→ **Task goal**:
The answer must be one number: how many lines in the data below include the string "level".

(Source data)
========

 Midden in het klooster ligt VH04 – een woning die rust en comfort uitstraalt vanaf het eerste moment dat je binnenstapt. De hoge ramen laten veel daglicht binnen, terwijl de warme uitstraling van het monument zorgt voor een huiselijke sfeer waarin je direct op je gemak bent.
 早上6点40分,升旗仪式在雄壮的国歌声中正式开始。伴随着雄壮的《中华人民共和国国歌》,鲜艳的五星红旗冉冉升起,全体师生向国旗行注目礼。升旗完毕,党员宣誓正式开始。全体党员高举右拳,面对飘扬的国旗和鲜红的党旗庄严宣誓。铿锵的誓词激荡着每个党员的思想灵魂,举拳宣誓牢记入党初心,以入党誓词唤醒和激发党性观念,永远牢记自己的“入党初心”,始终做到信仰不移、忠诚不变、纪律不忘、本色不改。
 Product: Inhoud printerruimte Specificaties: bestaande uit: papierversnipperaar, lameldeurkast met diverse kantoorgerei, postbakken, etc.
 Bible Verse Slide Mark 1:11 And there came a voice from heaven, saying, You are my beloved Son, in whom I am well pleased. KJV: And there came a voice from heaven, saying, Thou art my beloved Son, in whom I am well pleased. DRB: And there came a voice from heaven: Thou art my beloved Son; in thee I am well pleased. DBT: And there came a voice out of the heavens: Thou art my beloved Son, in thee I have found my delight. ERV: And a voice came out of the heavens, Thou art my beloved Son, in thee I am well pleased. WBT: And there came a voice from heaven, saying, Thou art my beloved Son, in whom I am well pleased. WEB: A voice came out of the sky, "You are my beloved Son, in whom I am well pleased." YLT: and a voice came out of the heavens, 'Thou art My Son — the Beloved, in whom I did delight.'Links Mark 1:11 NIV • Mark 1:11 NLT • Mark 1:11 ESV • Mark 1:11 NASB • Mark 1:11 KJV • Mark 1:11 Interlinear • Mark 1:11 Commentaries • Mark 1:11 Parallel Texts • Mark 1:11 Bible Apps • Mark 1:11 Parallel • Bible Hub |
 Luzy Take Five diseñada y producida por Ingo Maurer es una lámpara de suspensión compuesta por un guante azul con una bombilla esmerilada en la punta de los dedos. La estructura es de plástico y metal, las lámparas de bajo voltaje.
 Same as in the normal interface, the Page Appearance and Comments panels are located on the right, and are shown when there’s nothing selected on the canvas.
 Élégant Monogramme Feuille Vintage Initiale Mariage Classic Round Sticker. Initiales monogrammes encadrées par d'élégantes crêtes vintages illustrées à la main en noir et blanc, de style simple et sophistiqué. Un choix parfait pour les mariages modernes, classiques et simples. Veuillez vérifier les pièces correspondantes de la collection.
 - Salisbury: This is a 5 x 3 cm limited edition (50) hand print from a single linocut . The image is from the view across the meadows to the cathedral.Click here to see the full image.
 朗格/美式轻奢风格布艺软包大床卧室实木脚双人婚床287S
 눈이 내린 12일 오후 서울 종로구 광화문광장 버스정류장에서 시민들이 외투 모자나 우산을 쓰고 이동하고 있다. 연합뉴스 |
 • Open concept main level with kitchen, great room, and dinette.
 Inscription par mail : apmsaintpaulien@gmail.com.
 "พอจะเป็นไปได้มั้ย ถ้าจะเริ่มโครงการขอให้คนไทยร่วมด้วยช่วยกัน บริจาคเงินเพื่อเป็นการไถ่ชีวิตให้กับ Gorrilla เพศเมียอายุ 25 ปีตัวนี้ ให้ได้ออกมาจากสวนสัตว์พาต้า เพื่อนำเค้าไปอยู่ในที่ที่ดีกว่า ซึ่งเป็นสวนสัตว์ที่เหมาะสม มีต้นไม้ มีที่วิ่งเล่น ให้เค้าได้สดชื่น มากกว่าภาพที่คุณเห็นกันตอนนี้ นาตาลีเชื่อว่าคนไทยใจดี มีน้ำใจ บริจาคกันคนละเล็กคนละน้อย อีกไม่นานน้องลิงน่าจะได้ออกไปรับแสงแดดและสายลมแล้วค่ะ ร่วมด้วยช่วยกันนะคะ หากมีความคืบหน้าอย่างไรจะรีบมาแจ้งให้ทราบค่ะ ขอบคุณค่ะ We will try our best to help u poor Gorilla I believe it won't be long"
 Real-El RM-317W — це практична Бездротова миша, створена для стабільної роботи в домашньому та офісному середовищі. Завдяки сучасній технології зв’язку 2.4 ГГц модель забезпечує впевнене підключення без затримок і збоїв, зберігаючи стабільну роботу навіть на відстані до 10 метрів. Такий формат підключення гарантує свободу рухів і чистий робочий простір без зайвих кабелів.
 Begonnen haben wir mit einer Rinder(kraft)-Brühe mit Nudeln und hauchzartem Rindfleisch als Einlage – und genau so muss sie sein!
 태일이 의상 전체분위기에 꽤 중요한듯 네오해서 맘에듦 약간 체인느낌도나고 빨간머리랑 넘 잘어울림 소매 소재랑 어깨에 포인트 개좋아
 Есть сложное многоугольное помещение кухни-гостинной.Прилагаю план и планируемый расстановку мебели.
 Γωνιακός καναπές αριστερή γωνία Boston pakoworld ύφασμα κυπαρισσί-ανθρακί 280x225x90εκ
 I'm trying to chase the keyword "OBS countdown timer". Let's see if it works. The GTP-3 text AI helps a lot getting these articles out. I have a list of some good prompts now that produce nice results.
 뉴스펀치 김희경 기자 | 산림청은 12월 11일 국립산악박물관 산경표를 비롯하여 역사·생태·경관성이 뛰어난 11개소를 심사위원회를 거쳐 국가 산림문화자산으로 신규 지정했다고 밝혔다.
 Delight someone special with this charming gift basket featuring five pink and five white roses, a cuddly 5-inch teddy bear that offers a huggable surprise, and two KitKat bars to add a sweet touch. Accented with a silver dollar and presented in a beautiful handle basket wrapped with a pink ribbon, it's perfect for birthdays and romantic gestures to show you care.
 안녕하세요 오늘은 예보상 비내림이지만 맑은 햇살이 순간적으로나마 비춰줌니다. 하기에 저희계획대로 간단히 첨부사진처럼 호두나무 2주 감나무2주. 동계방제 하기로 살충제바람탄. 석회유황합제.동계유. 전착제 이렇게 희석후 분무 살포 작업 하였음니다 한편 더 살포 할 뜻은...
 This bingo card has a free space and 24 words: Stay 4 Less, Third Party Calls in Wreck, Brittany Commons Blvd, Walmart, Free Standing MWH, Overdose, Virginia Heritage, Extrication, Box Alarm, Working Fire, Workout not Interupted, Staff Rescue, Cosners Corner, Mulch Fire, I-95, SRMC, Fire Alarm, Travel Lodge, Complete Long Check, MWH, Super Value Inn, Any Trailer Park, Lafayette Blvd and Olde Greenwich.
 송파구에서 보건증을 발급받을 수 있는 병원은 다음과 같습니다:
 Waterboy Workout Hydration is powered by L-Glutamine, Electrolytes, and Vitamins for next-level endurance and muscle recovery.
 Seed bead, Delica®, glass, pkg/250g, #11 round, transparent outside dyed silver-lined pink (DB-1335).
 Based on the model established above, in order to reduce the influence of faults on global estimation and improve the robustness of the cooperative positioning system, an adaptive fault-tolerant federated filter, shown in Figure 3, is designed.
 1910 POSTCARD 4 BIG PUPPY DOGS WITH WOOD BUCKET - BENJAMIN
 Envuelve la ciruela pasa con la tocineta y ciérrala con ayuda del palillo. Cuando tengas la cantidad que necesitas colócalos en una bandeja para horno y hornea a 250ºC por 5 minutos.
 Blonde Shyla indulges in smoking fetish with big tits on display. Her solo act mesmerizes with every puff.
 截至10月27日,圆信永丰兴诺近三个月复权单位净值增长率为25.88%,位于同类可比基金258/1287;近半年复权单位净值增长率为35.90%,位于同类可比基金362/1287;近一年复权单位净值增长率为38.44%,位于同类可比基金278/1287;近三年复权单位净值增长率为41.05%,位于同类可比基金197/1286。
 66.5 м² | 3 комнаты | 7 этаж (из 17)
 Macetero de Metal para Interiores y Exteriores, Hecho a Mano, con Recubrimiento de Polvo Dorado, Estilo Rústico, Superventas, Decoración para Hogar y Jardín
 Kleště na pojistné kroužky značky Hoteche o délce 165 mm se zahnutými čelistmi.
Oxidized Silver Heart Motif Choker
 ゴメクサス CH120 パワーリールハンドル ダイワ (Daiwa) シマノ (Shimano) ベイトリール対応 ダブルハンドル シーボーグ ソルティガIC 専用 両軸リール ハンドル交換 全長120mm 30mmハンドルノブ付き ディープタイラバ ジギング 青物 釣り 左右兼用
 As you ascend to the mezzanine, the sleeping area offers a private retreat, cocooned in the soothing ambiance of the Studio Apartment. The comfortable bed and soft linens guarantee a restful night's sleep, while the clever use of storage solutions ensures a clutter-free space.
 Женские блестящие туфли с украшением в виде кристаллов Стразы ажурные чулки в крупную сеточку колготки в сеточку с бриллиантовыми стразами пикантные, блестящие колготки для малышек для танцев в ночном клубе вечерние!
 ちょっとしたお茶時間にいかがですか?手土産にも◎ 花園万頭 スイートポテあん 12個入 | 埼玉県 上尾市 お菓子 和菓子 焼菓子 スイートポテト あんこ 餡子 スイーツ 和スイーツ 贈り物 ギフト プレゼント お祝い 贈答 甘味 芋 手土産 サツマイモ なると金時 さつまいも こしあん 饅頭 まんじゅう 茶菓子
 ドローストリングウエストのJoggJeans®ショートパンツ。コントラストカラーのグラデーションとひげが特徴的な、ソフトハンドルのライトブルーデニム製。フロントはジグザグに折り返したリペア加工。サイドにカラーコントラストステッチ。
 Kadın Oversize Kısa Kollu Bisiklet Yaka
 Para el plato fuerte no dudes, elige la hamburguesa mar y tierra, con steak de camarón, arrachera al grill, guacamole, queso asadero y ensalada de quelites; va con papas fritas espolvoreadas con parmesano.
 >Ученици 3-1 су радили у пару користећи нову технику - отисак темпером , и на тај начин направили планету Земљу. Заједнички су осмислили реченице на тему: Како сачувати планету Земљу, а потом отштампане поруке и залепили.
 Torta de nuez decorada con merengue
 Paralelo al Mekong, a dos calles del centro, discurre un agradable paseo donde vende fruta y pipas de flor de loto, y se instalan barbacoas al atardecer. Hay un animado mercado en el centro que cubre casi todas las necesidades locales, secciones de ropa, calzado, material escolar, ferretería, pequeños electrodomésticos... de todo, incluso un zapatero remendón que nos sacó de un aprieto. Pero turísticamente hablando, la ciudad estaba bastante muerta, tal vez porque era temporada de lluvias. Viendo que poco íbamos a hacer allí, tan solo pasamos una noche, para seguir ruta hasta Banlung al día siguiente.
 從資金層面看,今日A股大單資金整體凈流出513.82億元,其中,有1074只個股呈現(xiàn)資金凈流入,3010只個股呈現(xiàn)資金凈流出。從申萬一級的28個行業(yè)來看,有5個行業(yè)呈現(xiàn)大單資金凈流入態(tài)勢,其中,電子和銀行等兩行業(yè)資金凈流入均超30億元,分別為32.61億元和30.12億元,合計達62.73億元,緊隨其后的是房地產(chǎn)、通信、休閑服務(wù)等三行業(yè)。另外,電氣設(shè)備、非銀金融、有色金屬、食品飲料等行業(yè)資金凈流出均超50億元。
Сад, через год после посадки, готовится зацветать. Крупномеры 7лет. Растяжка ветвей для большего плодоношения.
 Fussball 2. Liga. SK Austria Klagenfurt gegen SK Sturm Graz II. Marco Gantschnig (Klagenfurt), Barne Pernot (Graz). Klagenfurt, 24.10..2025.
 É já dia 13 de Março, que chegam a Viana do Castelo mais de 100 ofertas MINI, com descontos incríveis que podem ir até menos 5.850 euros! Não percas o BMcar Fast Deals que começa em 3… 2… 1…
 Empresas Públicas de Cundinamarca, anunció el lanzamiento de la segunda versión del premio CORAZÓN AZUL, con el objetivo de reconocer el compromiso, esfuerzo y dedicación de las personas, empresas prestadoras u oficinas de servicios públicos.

========

→ **Written reply**:
2